The opportunity we all have with cloud computing is to build security into the fabric of cloud computing. This may result in vendors building security into cloud services as well as Internet devices and platforms (such as iPhones, Windows mobile and android based devices).

Case in point – it is quite clear that the mobile phone is soon going to become the new credit card, and that security has to be built into such a device and not as an add-on that the user is responsible for installing.

This does not mean, however, that enterprises will not continue to have the ultimate responsibility for the security and compliance of both their own information, and any customer data, such as in the case of loss of information or the violation of compliance requirements.

It means that corporations will have to establish new relationships of trust with their cloud computing vendors. As Ronald Reagan once crisply stated, “Trust, but verify.” In fact, this is not a new concept as most large organisations developed the means to audit their outsourcers and suppliers years ago, and already calculate the risks they may present.

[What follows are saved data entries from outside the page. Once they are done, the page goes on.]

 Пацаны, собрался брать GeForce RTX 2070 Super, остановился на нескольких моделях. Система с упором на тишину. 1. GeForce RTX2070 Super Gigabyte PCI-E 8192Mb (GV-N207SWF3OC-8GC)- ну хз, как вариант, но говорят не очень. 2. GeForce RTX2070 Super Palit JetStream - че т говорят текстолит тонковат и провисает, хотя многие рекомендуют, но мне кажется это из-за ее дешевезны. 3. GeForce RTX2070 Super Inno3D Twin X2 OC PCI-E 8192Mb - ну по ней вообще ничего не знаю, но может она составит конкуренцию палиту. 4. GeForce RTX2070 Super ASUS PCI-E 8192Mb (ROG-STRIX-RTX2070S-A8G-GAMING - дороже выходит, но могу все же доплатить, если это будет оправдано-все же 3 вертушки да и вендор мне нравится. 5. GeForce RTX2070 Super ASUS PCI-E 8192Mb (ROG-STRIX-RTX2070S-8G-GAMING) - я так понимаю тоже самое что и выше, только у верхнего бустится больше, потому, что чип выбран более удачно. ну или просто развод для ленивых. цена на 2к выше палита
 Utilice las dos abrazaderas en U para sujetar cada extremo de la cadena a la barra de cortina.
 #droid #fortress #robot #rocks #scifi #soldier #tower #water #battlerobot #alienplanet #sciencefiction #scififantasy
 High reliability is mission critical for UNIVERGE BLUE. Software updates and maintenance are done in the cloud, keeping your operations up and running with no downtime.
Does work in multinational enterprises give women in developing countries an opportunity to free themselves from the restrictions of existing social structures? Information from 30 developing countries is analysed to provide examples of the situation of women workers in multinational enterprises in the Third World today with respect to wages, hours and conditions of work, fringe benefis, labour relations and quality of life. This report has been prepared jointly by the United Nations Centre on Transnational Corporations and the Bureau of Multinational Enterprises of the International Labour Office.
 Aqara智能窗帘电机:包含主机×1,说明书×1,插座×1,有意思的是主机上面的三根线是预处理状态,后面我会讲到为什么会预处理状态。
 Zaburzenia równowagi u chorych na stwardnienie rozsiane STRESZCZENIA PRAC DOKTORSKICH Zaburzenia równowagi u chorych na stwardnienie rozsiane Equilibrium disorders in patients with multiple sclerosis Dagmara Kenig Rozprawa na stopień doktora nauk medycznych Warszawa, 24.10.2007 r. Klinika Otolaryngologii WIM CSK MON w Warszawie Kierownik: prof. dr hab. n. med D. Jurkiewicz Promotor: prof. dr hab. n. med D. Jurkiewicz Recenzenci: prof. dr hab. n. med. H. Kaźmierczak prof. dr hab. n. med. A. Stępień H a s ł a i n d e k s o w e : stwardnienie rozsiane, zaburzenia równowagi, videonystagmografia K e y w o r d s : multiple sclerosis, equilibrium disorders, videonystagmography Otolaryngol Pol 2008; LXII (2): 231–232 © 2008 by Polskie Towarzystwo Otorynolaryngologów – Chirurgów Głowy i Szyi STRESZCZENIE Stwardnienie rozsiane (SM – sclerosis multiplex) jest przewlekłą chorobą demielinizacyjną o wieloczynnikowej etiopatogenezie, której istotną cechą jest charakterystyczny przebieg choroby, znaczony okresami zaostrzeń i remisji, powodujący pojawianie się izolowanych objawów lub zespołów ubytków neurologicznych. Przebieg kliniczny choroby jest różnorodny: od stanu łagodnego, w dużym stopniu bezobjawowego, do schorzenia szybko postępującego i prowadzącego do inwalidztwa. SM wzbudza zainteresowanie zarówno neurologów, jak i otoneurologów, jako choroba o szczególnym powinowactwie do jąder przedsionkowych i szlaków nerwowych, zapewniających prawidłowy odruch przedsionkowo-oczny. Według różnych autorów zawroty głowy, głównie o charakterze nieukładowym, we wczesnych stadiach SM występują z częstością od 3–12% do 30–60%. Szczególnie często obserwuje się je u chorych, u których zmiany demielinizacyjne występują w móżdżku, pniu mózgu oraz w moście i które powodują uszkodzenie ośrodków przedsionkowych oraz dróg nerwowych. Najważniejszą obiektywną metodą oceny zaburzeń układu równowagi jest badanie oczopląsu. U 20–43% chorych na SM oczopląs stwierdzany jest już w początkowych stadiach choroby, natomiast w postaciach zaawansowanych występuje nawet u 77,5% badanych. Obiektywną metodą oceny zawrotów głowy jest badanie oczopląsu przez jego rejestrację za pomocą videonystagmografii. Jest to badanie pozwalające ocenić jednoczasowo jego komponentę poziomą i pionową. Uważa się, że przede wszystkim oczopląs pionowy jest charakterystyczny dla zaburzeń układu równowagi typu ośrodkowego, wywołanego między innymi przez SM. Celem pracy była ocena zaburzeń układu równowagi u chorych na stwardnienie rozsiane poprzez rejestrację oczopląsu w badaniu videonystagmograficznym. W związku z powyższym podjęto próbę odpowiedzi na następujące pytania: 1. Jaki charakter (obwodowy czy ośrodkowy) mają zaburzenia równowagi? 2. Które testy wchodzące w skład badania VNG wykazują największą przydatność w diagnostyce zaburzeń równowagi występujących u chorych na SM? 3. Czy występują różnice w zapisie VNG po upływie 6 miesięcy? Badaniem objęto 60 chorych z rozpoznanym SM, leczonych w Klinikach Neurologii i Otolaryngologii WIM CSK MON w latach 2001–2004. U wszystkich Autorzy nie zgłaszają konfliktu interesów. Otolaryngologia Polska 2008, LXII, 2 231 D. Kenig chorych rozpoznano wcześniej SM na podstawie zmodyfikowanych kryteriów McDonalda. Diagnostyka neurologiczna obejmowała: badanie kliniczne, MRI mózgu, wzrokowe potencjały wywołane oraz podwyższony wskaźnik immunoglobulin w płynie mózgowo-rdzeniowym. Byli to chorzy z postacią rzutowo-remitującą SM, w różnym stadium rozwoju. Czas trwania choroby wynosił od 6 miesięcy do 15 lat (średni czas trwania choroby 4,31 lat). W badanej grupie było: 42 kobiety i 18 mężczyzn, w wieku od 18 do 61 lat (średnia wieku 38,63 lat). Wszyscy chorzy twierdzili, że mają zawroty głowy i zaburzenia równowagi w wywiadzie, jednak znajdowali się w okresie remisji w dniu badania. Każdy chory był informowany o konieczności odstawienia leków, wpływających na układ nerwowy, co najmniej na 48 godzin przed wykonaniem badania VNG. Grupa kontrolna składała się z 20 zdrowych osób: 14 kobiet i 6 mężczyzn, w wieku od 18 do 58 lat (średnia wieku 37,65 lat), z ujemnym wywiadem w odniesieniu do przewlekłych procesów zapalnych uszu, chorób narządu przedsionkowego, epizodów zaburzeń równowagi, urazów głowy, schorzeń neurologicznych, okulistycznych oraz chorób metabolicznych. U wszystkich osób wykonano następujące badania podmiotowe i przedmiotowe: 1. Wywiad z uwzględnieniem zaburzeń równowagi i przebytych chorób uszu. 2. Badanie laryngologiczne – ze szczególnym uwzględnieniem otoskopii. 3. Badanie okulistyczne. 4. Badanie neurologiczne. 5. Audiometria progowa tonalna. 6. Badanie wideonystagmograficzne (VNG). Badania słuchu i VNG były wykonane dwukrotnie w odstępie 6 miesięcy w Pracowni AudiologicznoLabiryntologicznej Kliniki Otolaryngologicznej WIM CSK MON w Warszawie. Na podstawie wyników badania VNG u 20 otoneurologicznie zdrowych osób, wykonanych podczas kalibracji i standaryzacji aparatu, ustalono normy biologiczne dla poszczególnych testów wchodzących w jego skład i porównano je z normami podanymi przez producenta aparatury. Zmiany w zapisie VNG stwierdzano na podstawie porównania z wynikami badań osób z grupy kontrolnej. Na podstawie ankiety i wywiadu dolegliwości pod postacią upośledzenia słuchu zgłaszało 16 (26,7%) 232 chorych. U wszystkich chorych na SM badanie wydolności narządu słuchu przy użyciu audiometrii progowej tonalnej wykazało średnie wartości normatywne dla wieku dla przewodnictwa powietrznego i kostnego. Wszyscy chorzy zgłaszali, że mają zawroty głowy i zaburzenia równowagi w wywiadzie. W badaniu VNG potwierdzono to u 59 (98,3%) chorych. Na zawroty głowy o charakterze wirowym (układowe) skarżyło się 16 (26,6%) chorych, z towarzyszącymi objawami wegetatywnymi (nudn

The difference is that such an audit process can now be more automated. The Cloud Security Alliance has emerged as a grassroots global effort to equip corporations with the guidelines and best practices to conduct cloud security audits.

Naturally, such a transition will not happen overnight. To stay relevant, security vendors have to retool their current offerings to adapt them to this new environment, and needless to say, this is not an easy task, and new security companies will emerge to rise to the opportunity.

In the meantime, as the entire enterprise computing industry continues its consolidation and move to the cloud at an accelerated pace, corporations will be faced with infrastructure and applications becoming obsolete and becoming very difficult to secure. We will need to learn, to paraphrase Adrian Secombe, a founder of the Jericho Forum, “what to cloud or not to cloud.”

The bottom line: It is going to be harder before it gets better. Yet we are beginning to see the light at the end of this dark tunnel at the dawn of this new computing era.